I am currently starting a background process within a subshell and was wondering how can I assign its pid number to a variable outside the subshell scope?
I have tried many different ways but MYPID always stays set to 0.

MYPID = 0;
({ sleep 2 & }; $MYPID=$!)
({ sleep 2 & }; echo $!) > $MYPID

The only way it returns a value is with:

$MYPID=$({ sleep 2 & }; echo $!)

However this discards the background process instruction and it will only return a result after 2 seconds.

  • 2
    What exactly are you trying to achieve? Why not simply sleep 2 & mypid=$!? Commented Sep 24, 2014 at 13:56
  • I am trying to suppress the process creation stdout. Both start showing the PID address and final with Done confirmation.
    – zanona
    Commented Sep 24, 2014 at 14:08

2 Answers 2


bash shouldn't print the job status when non-interactive.

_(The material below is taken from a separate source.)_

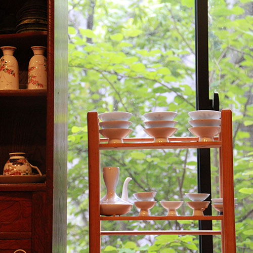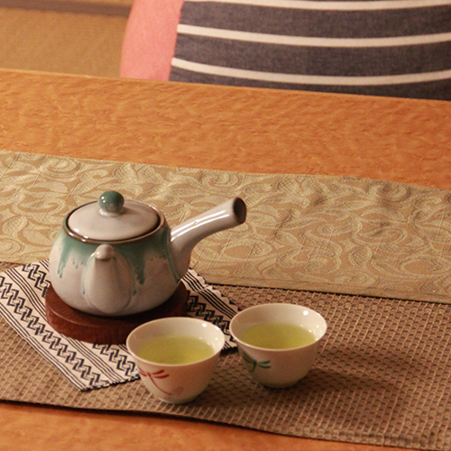 お部屋でゆっくりお寛ぎいただけるようにお茶セット等ご用意しております。こだわりの陶器でゆっくりと会話とお茶、お茶菓子時間をお過ごしください。

If that's indeed for an interactive bash, you can do:

{ pid=$(sleep 20 >&3 3>&- & echo "$!"); } 3>&1

We want sleep's stdout to go to where it was before, not the pipe that feeds the $pid variable. So we save the outer stdout in the file descriptor 3 (3>&1) and restore it for sleep inside the command substitution. So pid=$(...) returns as soon as echo terminates because there's nothing left with an open file descriptor to the pipe that feeds $pid.

However note that because it's started from a subshell (here in a command substitution), that sleep will not run in a separate process group. So it's not the same as running sleep 20 & with regards to I/O to the terminal for instance.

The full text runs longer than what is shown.